Audit Scotland said there was now a plan is place to recover the funds before the end of the current financial year. 

It said: "[NHS Tayside's] Assistant Chief Executive/ Strategic Director of Workforce's view is that these contributions do not provide any benefit to the former Chief Executive and that as result they will go ahead and seek repayment of £19,135.08 later in the year.

"The auditor will follow this up as part of the audit of the 2018/19 accounts."

A spokesman for the Scottish Government said: “We note that Audit Scotland reported that the approach taken by the board to negotiate the settlement was reasonable, however they did identify a number of errors in assumption and in governance in the process.

“Health Secretary Jeane Freeman has raised these issues with both the Permanent Secretary and the Director General of the Health Department to ensure that clear guidance goes to boards on applying notice periods.”

In a statement, NHS Tayside said: "Audit Scotland has stated clearly that the decision taken by the Board to negotiate the settlement payment to the former Chief Executive was reasonable, but there was an error in the process. 

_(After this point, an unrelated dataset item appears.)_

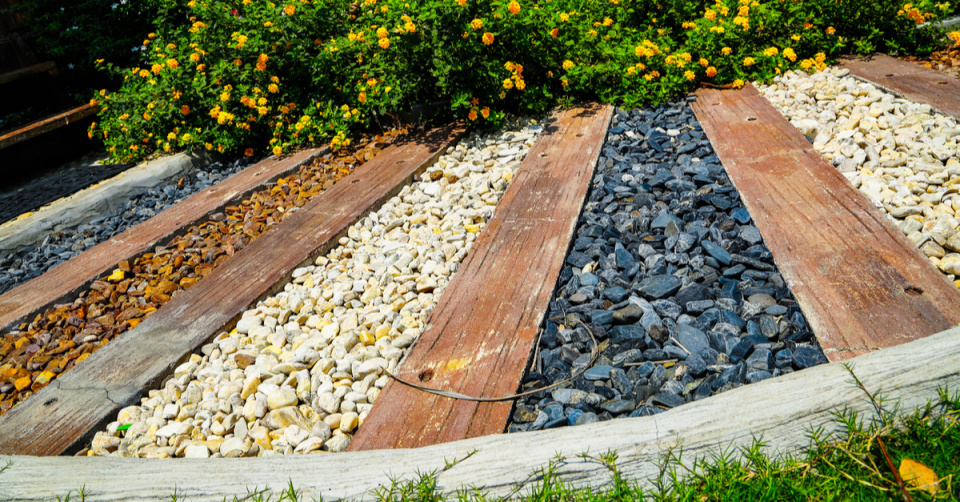 Čistě štěrková nebo drobnějšími kameny vysypaná a dřevem obložená zahradní cesta by působila nudně, kombinací materiálů ale vznikne atraktivní plocha. Teplé dřevo a chladný kámen můžete bez obav použít také na jiných místech v zahradě.

"Audit Scotland highlighted to the Board that the extension of the former Chief Executive's notice period to six months should have been explicitly approved by the Board's Remuneration Committee.

"The Board accepts that there was an error in not seeking approval from the Remuneration Committee at the time, and this was rectified when the committee considered the matter in November and approved the change from three months to six months."